### [Task]
Exact copy, no pictures: set down the lines from the one holding "5将排气后的面团分割成大小一" through the final line of the records below.

Collected data:
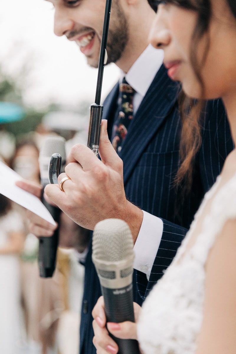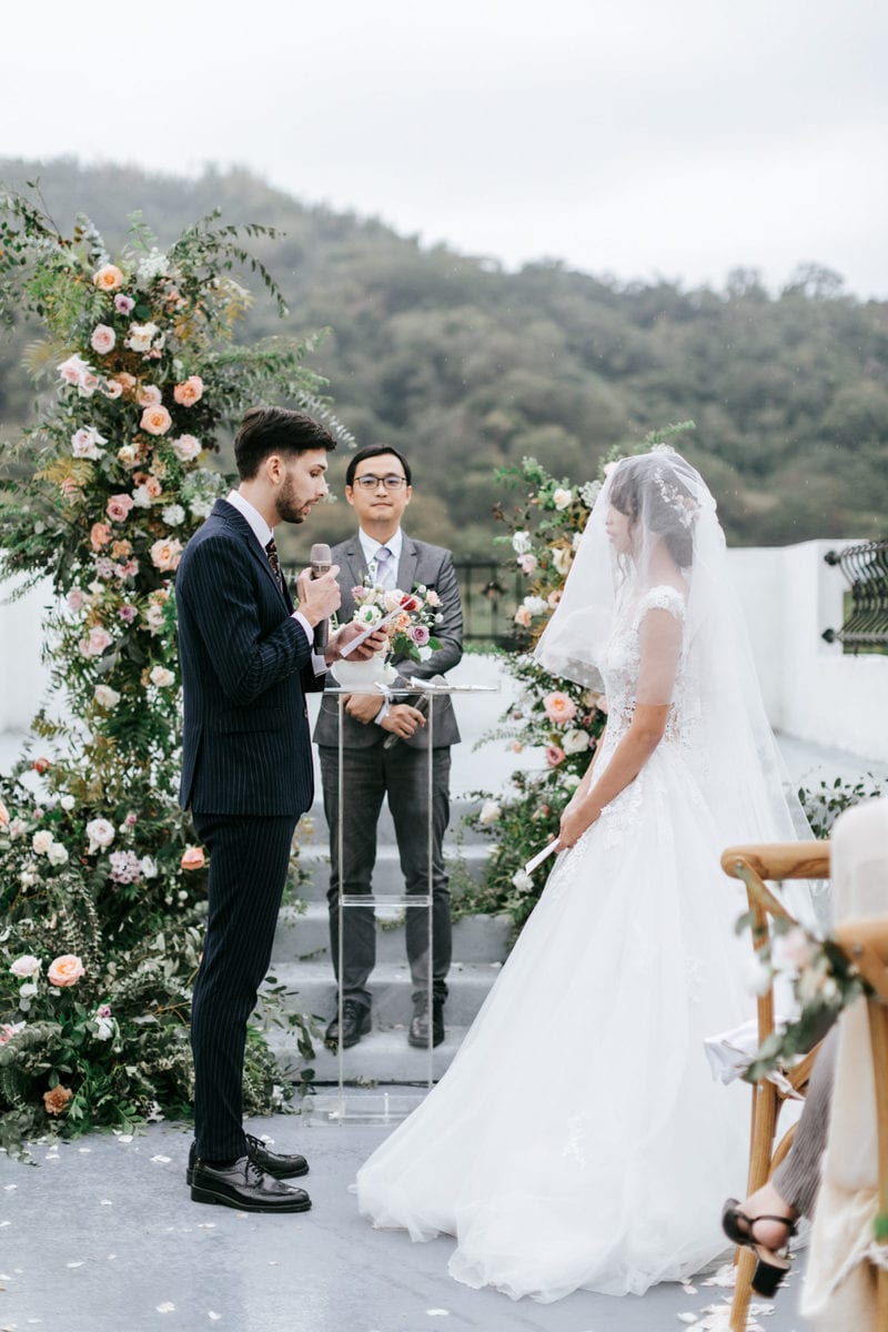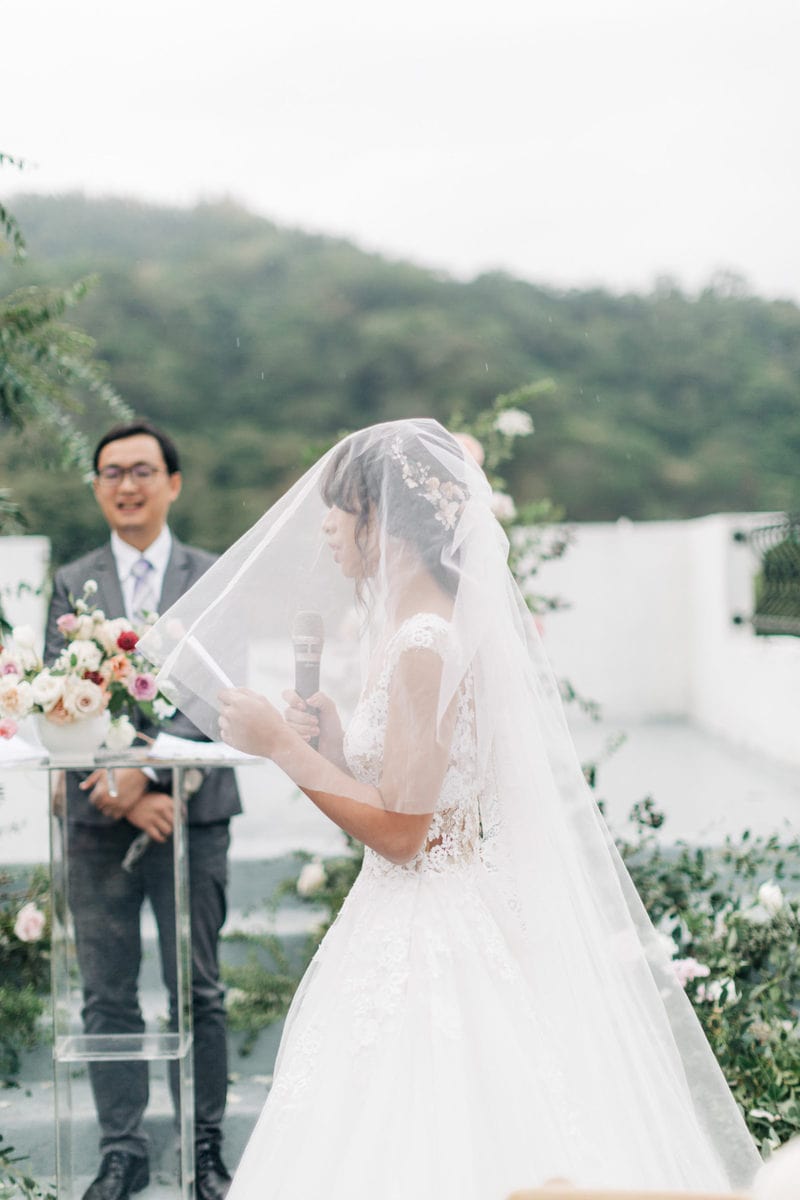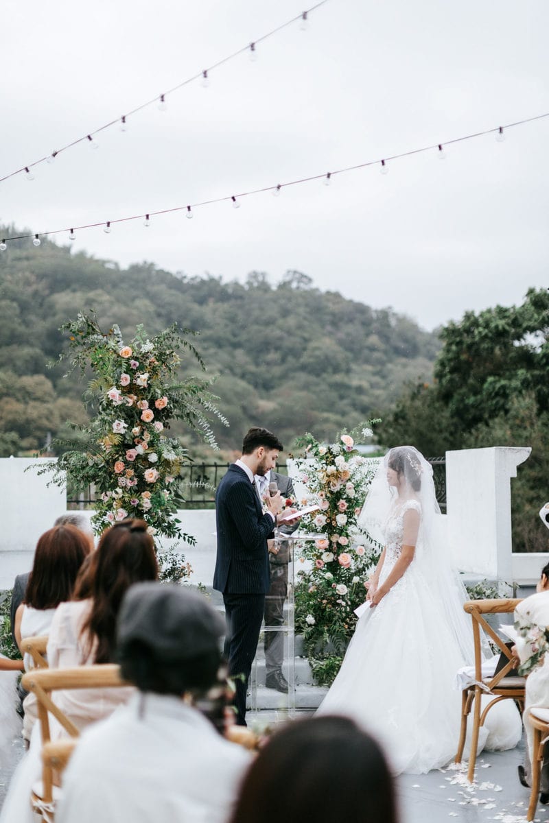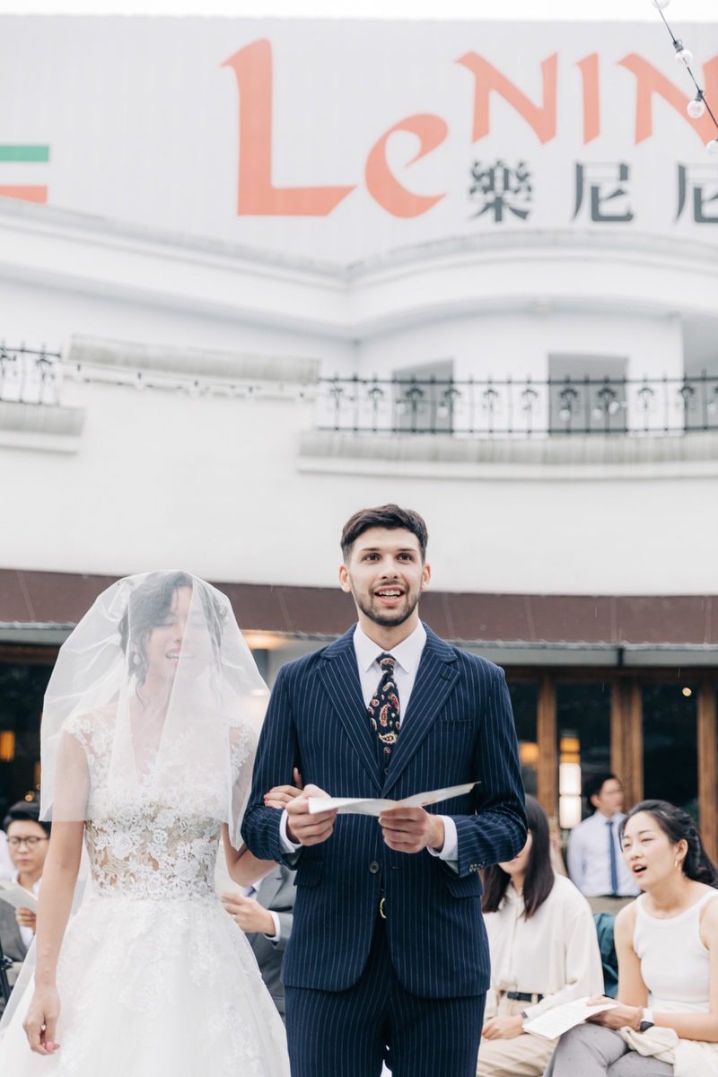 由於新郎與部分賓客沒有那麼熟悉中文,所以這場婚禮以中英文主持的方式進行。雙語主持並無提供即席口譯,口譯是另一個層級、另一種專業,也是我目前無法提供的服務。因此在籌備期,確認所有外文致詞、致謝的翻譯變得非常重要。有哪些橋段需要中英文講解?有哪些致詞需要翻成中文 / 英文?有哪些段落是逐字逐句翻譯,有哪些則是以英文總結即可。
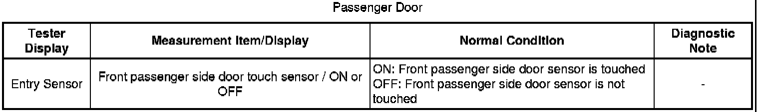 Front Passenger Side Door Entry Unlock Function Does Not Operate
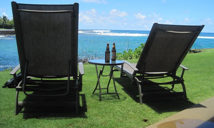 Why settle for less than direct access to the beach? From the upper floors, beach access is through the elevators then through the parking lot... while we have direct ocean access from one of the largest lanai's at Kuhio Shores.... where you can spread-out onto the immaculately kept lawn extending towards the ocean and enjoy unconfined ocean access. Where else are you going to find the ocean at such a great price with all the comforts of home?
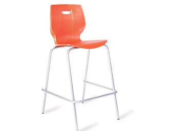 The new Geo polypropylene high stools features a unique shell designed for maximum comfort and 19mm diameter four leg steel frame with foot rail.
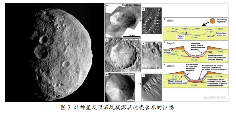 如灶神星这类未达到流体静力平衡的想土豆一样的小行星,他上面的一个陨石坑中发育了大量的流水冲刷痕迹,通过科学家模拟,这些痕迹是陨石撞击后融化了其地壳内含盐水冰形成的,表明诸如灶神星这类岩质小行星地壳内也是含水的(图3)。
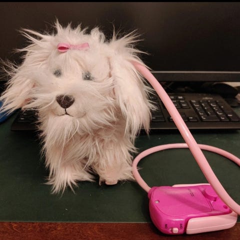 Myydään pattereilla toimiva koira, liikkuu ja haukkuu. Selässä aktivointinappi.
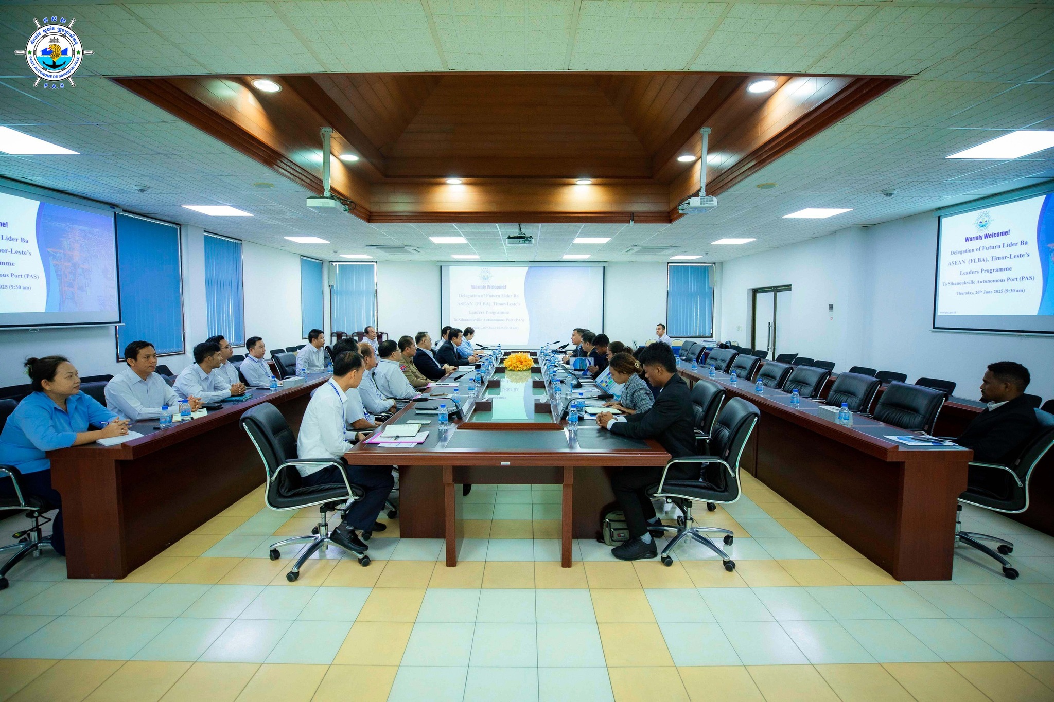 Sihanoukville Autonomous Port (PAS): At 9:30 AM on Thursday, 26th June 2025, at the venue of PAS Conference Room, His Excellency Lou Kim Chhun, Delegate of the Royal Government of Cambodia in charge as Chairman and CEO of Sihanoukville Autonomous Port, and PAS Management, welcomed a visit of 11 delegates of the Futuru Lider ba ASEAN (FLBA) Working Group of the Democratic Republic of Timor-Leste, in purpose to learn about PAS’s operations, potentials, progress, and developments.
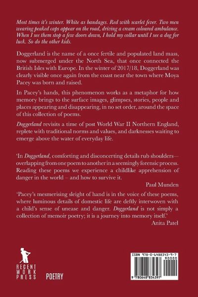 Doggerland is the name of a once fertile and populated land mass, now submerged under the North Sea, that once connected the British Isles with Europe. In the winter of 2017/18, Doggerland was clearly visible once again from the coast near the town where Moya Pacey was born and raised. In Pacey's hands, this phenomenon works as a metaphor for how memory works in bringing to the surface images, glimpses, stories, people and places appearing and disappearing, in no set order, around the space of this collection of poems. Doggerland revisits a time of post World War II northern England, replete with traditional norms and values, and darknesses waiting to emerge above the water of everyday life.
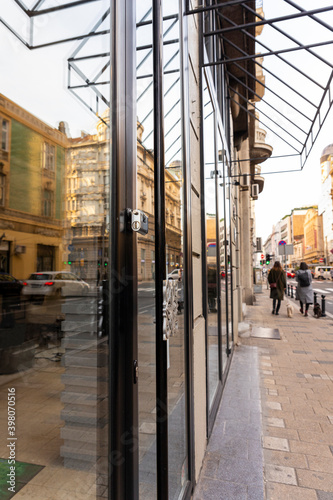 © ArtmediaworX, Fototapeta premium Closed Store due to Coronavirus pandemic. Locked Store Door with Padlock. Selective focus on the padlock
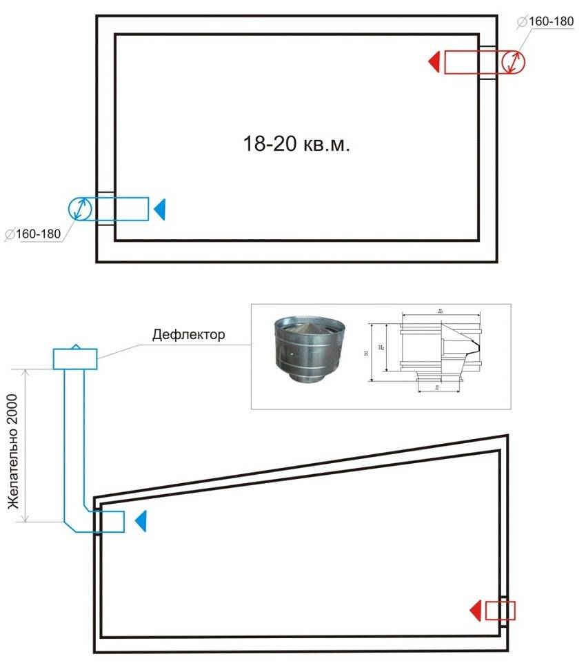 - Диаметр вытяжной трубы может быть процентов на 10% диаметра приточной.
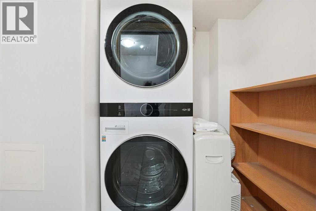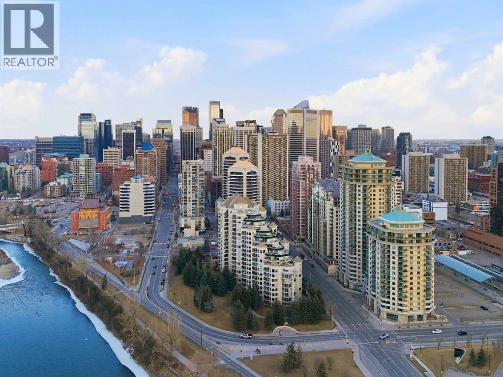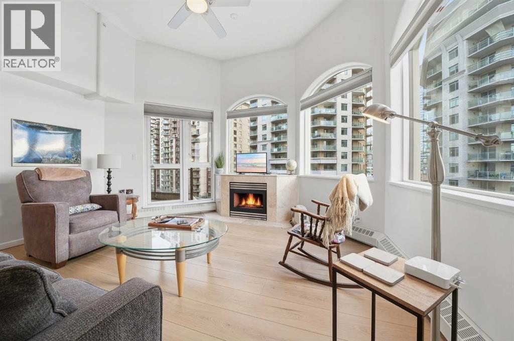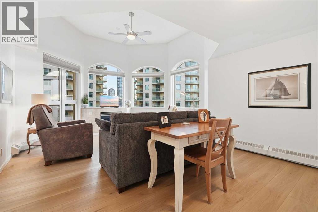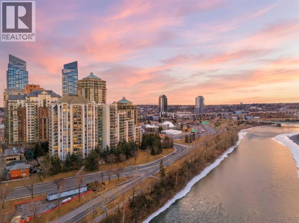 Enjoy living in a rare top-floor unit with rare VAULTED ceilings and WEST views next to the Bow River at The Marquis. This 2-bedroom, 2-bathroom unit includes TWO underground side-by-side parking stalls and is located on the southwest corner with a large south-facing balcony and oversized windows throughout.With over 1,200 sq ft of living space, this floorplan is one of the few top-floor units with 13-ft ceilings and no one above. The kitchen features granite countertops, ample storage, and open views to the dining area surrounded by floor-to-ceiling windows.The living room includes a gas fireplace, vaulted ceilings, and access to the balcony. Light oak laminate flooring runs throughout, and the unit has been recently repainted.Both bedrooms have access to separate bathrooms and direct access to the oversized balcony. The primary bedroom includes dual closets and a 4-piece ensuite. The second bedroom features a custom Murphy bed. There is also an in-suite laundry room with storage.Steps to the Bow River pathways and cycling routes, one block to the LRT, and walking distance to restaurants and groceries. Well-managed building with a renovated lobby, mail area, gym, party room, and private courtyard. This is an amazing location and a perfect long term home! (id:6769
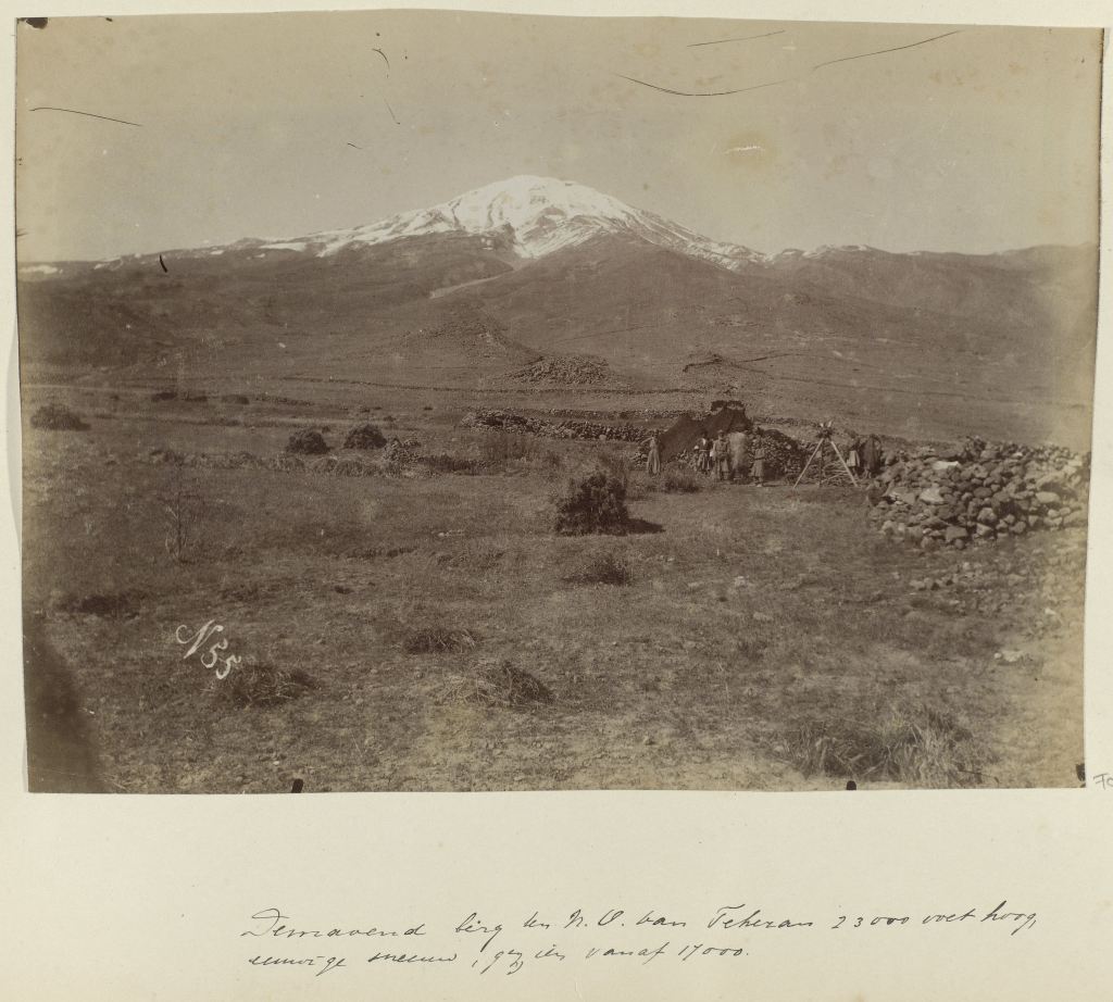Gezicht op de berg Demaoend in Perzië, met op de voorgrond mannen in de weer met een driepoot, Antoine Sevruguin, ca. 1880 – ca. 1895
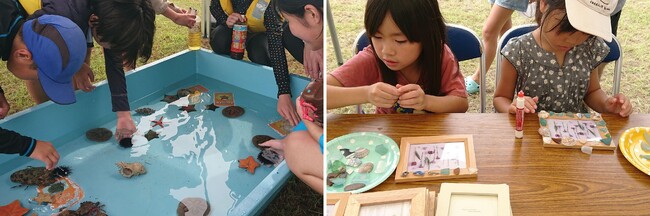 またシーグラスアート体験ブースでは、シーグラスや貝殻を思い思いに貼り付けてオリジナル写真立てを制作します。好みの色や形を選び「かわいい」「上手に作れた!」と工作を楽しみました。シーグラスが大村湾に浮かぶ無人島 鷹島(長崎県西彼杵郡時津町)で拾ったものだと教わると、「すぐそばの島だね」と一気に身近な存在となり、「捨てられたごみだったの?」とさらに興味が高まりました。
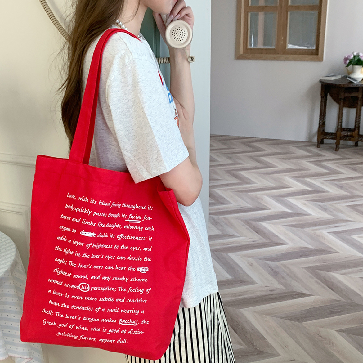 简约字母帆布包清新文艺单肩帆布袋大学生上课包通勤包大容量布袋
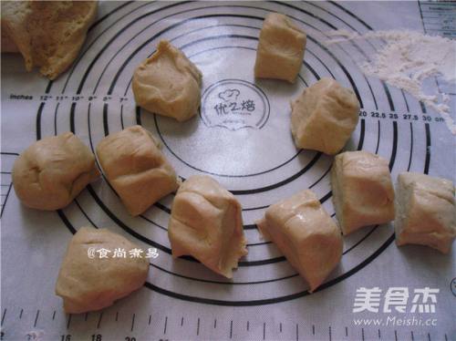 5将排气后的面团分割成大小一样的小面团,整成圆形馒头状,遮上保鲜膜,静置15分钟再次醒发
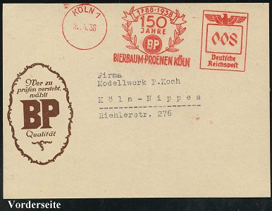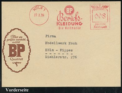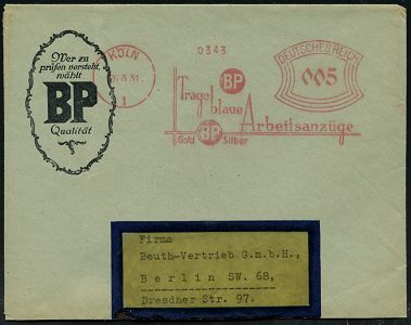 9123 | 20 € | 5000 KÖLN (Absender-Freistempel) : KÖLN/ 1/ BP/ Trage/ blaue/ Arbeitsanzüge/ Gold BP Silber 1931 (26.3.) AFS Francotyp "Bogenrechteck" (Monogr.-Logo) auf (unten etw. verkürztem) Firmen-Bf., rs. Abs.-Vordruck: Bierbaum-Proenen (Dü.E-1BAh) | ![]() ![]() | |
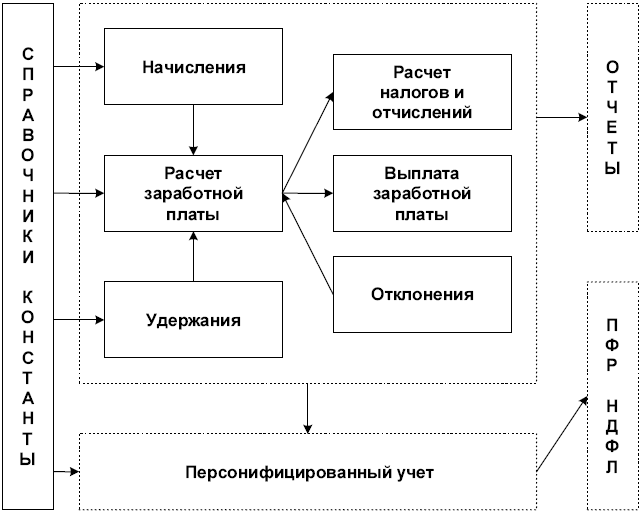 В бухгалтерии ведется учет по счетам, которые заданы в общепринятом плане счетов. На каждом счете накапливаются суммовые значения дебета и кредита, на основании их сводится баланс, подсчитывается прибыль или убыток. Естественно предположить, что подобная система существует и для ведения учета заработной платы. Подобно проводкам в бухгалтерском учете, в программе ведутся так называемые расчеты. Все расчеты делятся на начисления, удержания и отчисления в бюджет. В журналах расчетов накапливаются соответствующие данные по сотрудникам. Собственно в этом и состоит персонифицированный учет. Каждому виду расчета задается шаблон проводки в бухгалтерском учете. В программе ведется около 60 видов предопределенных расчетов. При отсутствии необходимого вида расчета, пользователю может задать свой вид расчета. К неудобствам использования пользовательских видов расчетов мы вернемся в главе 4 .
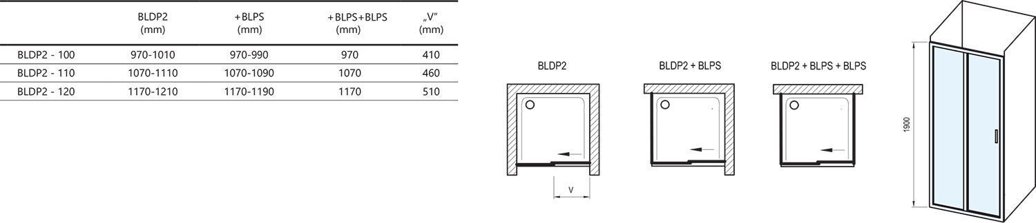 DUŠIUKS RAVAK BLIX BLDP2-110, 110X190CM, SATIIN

### [Solved problem]
 5将排气后的面团分割成大小一样的小面团,整成圆形馒头状,遮上保鲜膜,静置15分钟再次醒发
 9123 | 20 € | 5000 KÖLN (Absender-Freistempel) : KÖLN/ 1/ BP/ Trage/ blaue/ Arbeitsanzüge/ Gold BP Silber 1931 (26.3.) AFS Francotyp "Bogenrechteck" (Monogr.-Logo) auf (unten etw. verkürztem) Firmen-Bf., rs. Abs.-Vordruck: Bierbaum-Proenen (Dü.E-1BAh) | ![]() ![]() | |
 В бухгалтерии ведется учет по счетам, которые заданы в общепринятом плане счетов. На каждом счете накапливаются суммовые значения дебета и кредита, на основании их сводится баланс, подсчитывается прибыль или убыток. Естественно предположить, что подобная система существует и для ведения учета заработной платы. Подобно проводкам в бухгалтерском учете, в программе ведутся так называемые расчеты. Все расчеты делятся на начисления, удержания и отчисления в бюджет. В журналах расчетов накапливаются соответствующие данные по сотрудникам. Собственно в этом и состоит персонифицированный учет. Каждому виду расчета задается шаблон проводки в бухгалтерском учете. В программе ведется около 60 видов предопределенных расчетов. При отсутствии необходимого вида расчета, пользователю может задать свой вид расчета. К неудобствам использования пользовательских видов расчетов мы вернемся в главе 4 .
 DUŠIUKS RAVAK BLIX BLDP2-110, 110X190CM, SATIIN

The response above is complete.